= Departure control system =

Airlines computer systems responsible for passenger and bag processing activities

A departure control system (DCS) automates processing an airline's airport management operation, which includes managing the information required for airport check-in, printing boarding cards, baggage acceptance, boarding, load control and aircraft checks.

Today, DCS mostly (98%) manage e-tickets using interfaces from a number of devices, including check-in kiosks, online check-in, mobile boarding cards, and baggage handling. DCS are able to identify, capture and update reservations from an airline's computer reservation system for passengers stored in a so-called passenger name record (PNR). A DCS is used to update reservations, typically as checked-in, boarded, flown or another status.

Additionally and increasingly, a DCS for some city-pair sectors may also interface with immigration control (such as Advance Passenger Information System) for visa, immigration and passenger no-fly watchlists.

Historically, systems developed in North America have incorporated DCS functions as part of the reservations systems with check-in being initiated directly from the PNR. Load control (weight and balance) is then provided by a standalone application. Systems developed by airlines outside North America have traditionally had a separate database for DCS, requiring passenger data to be transferred from the PNR into DCS records. These systems have an integrated weight and balance capability.
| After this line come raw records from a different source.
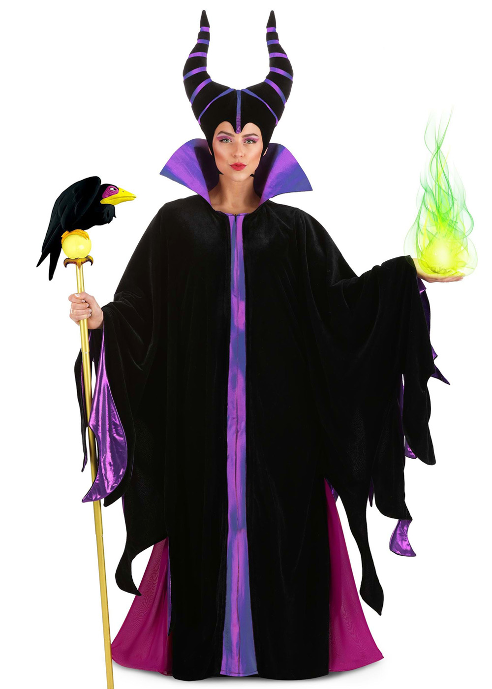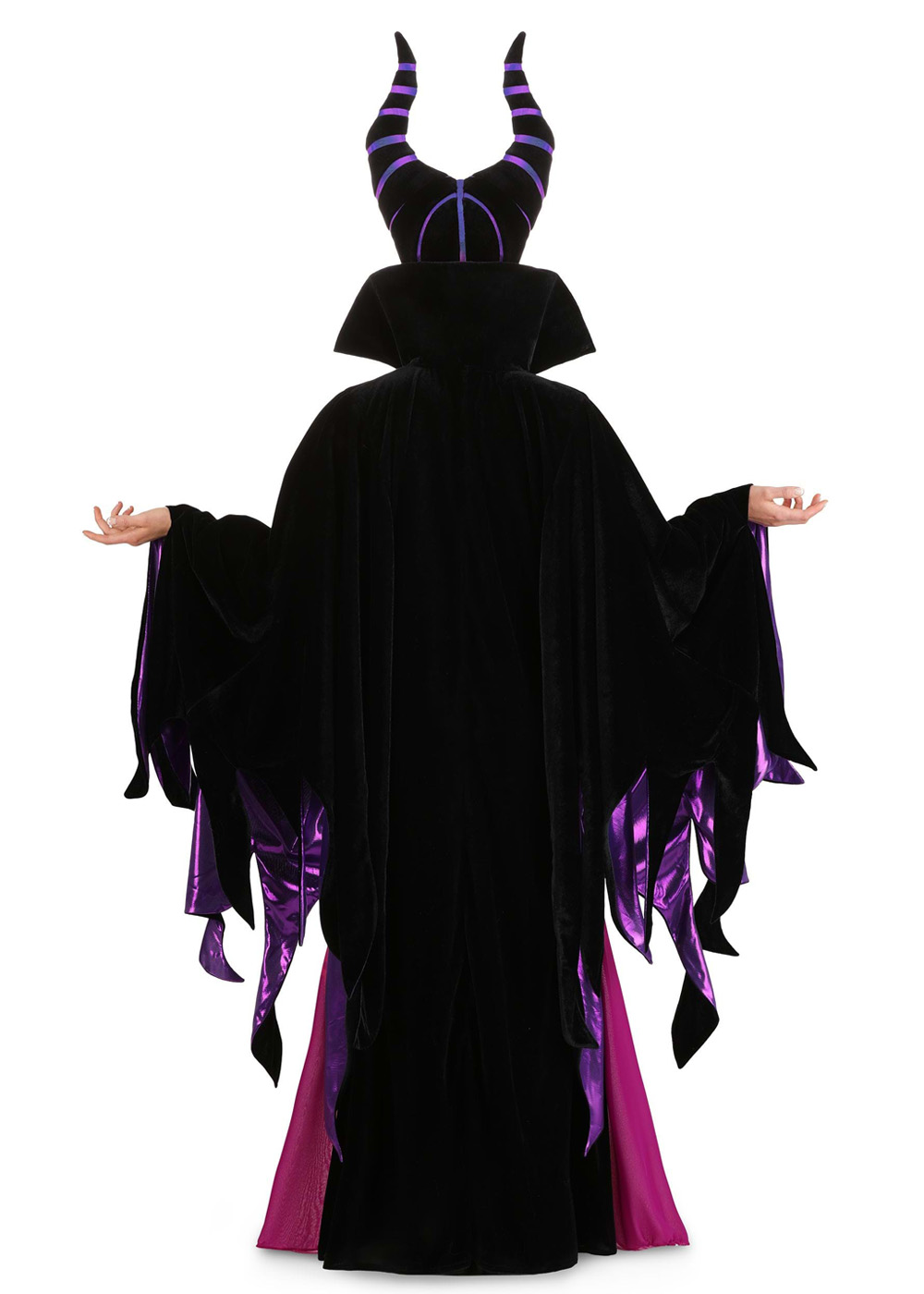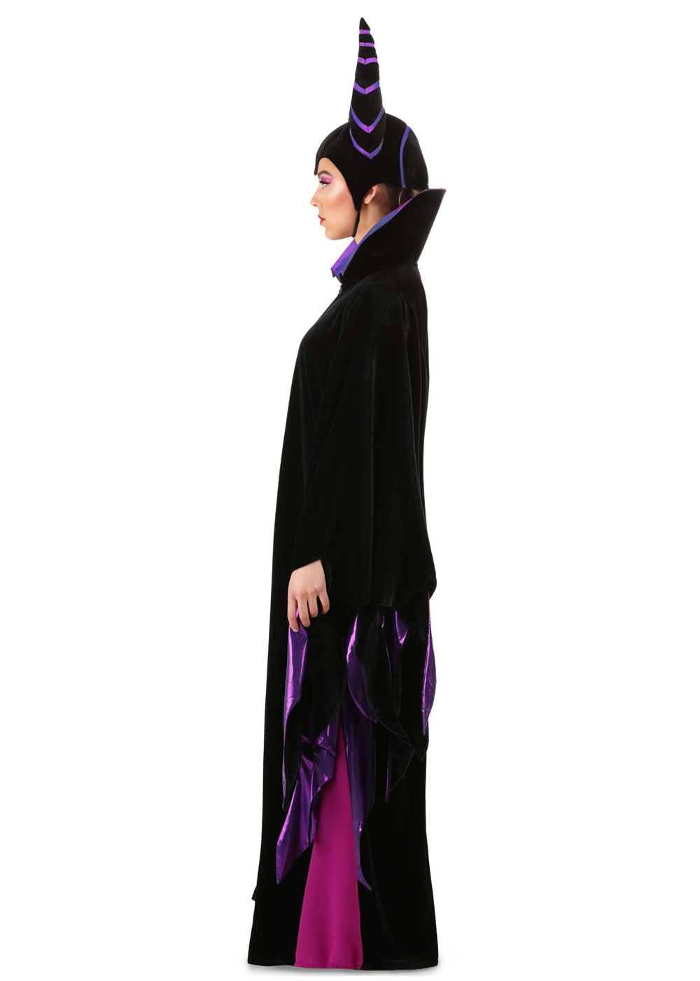Классический костюм Малифисенты выполнен из платья из бархата с невидимой молнией спереди по центру. Воротник и платье выполнены из двухцветной ткани: розового и пурпурного. Головной убор из бархата наполнен синтепоном и украшен деталями. Внутри ободка головного убора есть эластичная лента для регулировки размера, а ремешки помогают закрепить его под подбородком.
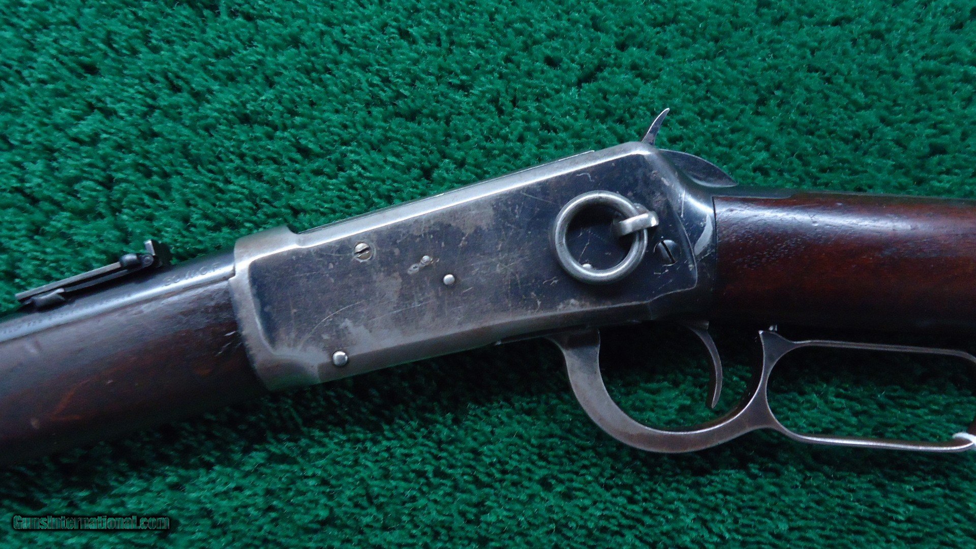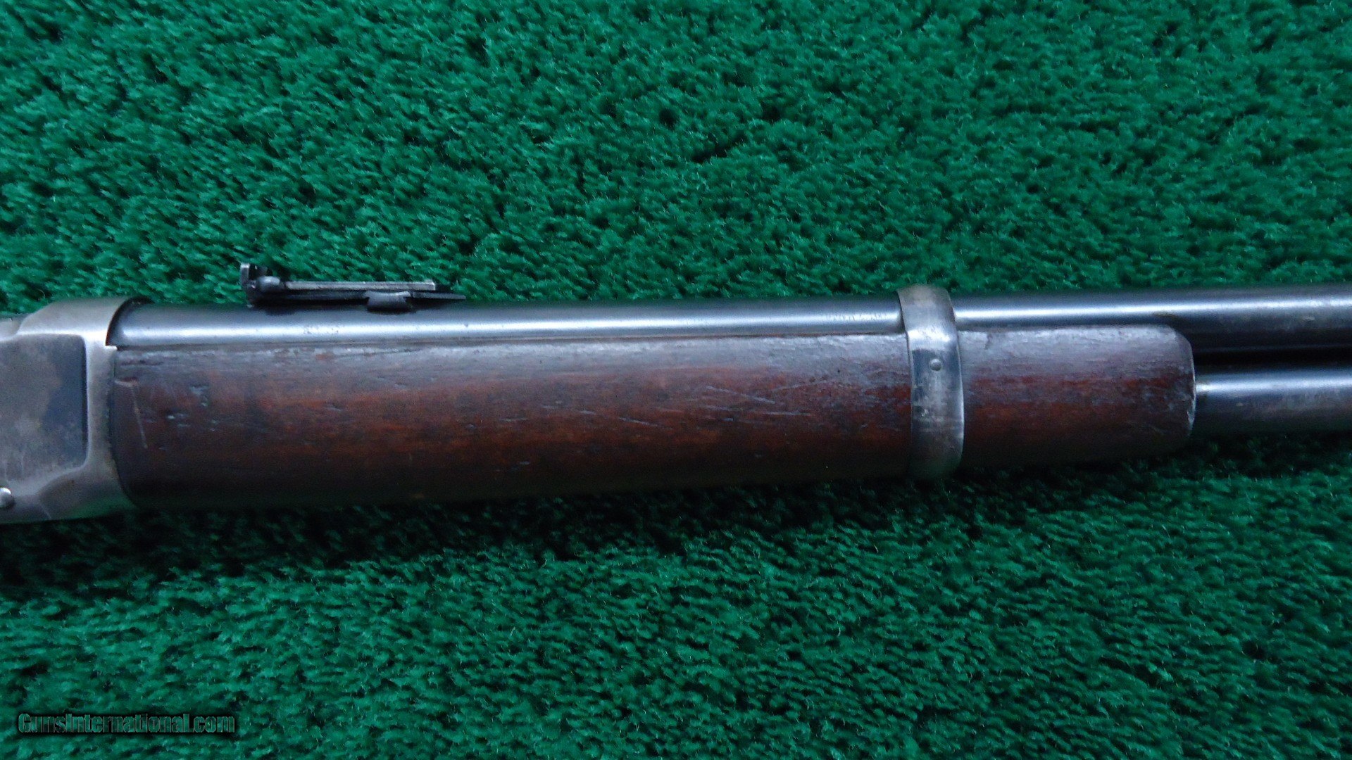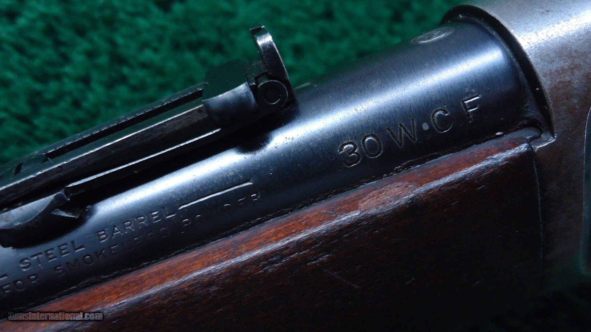 Description: 20 inch carbine configuration in 30 WCF caliber with a good bore with very light frosting over the visible rifling. May clean up some. Original sights include a pinned blade front and a carbine folding ladder. Thinning barrel and mag blue are a blue/gray color. Receiver has about 50% original blue with good blue in protected areas. Original saddle ring. Hammer and lever have traces of case color. Carbine buttplate. Walnut stocks are in good condition with very minor handling mars.Crisp action. A good looking Winchester SRC made in 1919. Leroy Merz Antique Firearms specializes in antique and vintage Winchesters and other fine American firearms. Since 1965 Mr. Merz has taken part in the world of firearms and has been a contributor to many well known reference books. We have hundreds of additional guns in every price range at our home online. Search for Merz Antiques in google. SOLD Curio/Relic: Yes Rifle Caliber: .30-30 Winchester |
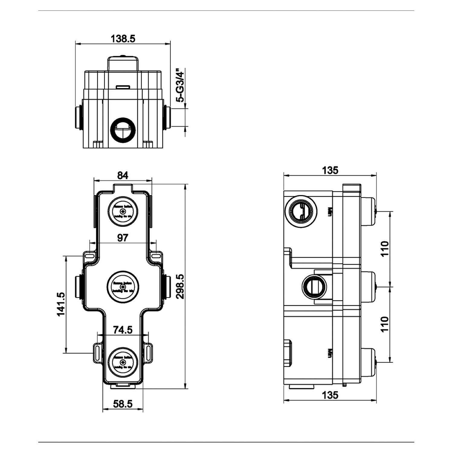 Inbouwdeel Box 3-Wegs Douchethermostaat
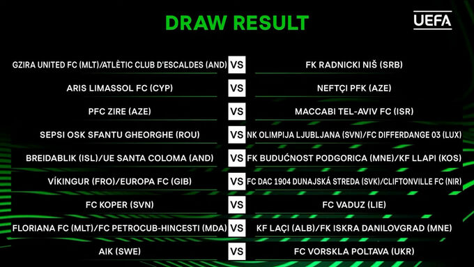 - Брейдаблік (Ісландія) / СО Санта-Колома (Андорра) – Будучност (Чорногорія) / Лапі (Косово)
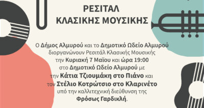 Με δυο καταξιωμένους δεξιοτέχνες ανοίγει ο Μουσικός Μάιος στο Δημοτικό Ωδείο Αλμυρού
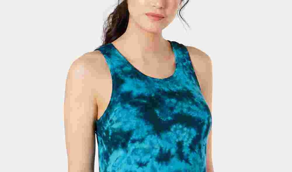 Hits at hip; semi-fitted; lattice detail at back|INSPIRED FOR: Athleisure/Training|Scoop neckline|Rayon/elastane|Machine washable
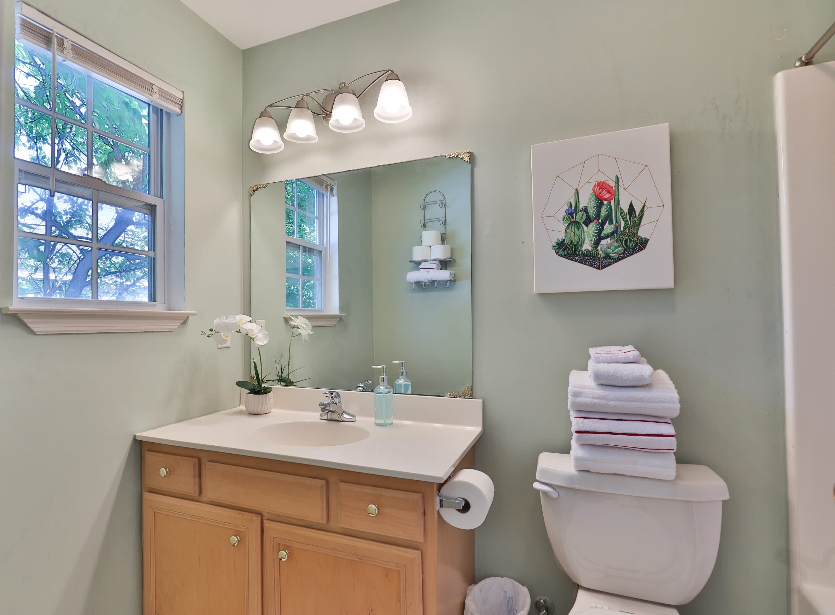 This home also includes a full bathroom with a single vanity and a shower/tub combo.
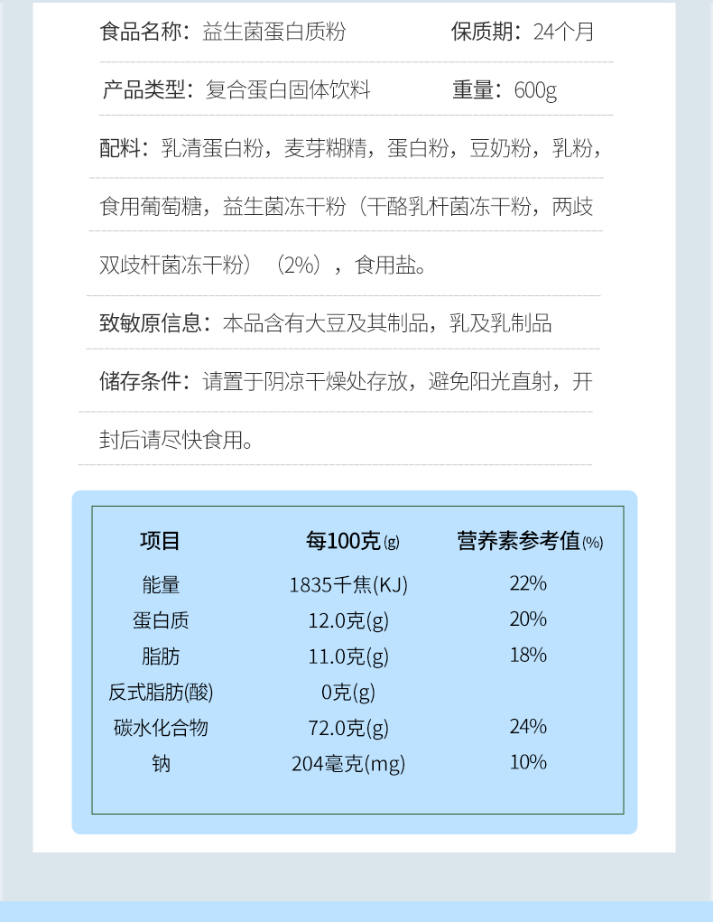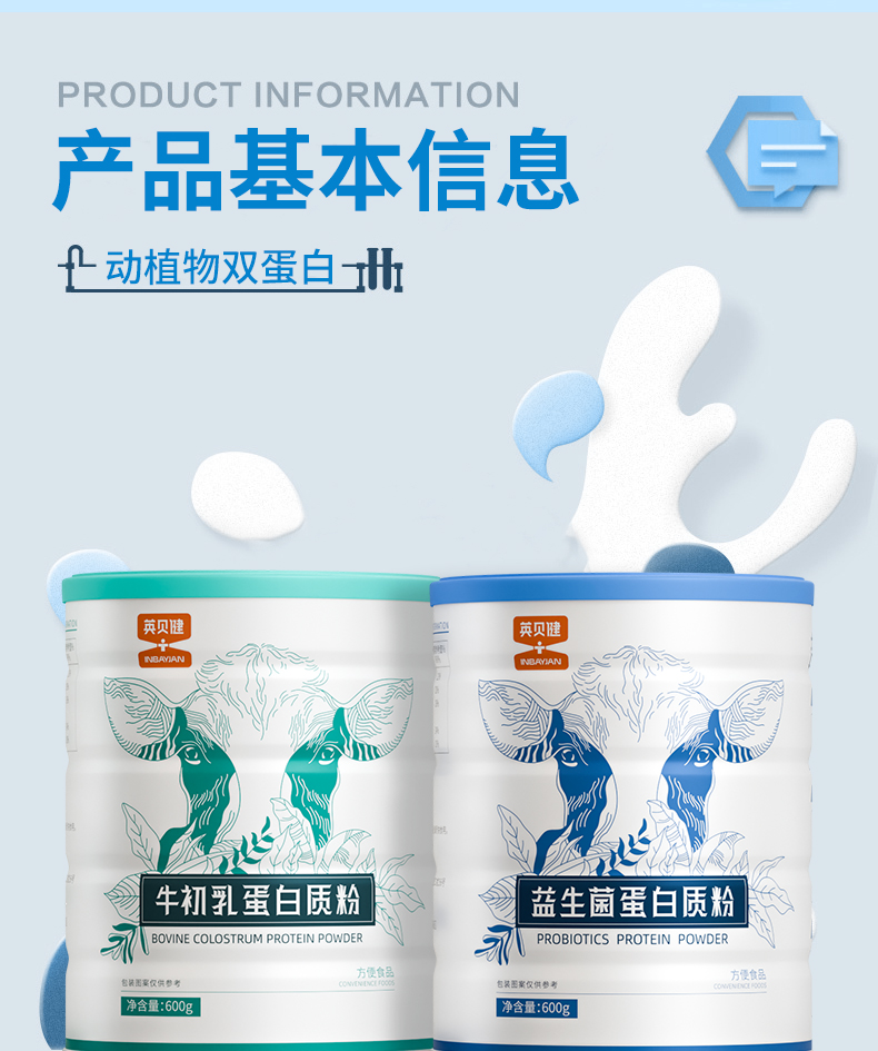 规格一:600g牛初乳蛋白粉+600g益生菌蛋白粉+150g袋装蛋白质粉*2+150g黑豆粉袋装*1+72克钙片*3+礼盒
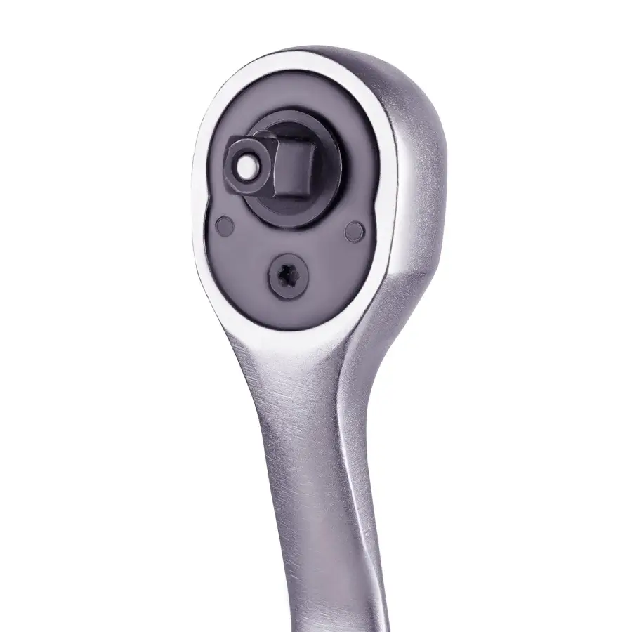 Трещоточная рукоятка с 72-зубцовым храповым механизмом обеспечивает очень маленький 5° обратный ход благодаря конструкции храпового механизма. Изогнутая форма ручки позволяет использовать изделие при обслуживании заглубленного крепежа без опаски повреждения руки. Двухкомпонентная резинопластиковая рукоятка обеспечивает надежное удержание инструмента.
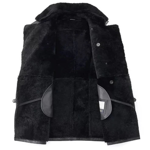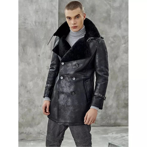 Men Black Shearling Leather Coat – Smart & Warm Winter Wear
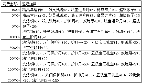 活动规则:活动期间,玩家在除市场外其他全部系统累积消费至指定额度,可获得额外的奖励。
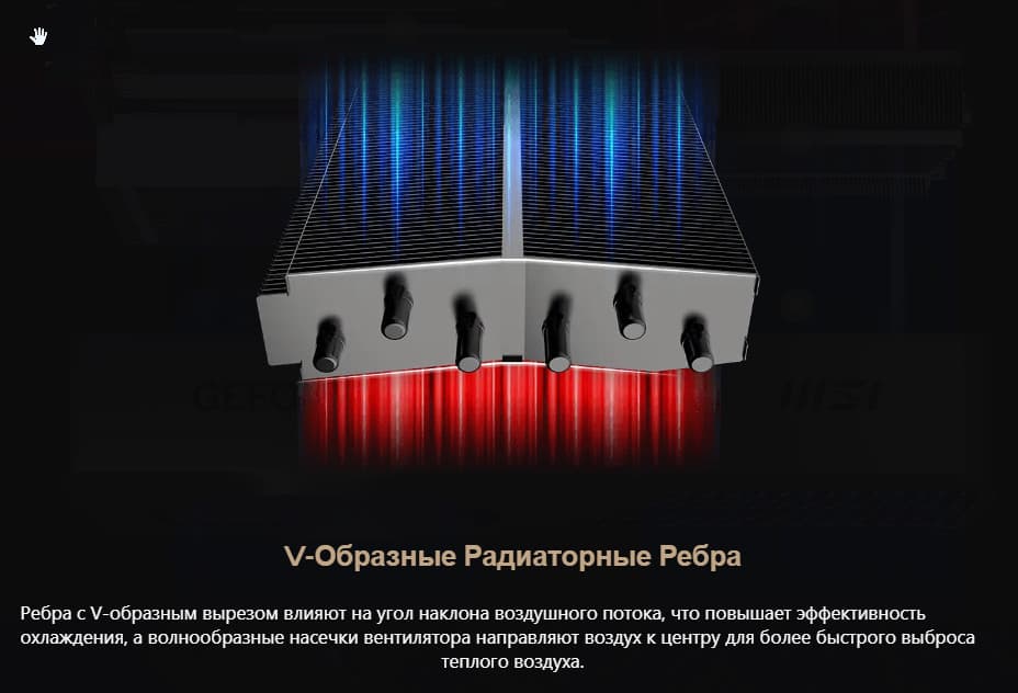 А теперь посмотрим, что нам предлагают инженеры MSI. Как видите, они применили концепцию кулера Nvidia, но при этом внесли очень существенные коррективы.

"New generation" DCSs are being developed and deployed by vendors such as Amadeus and SITA as part of the overall re-engineering of airline Passenger Services Systems. These new systems typically use a common database and a services oriented architecture that allows reservations, check-in and other services to maintain a consistent view of passenger information.

Larger international airports will have a range of DCS or a single DCS which each particular airline carrier can integrate with for streamlined operations.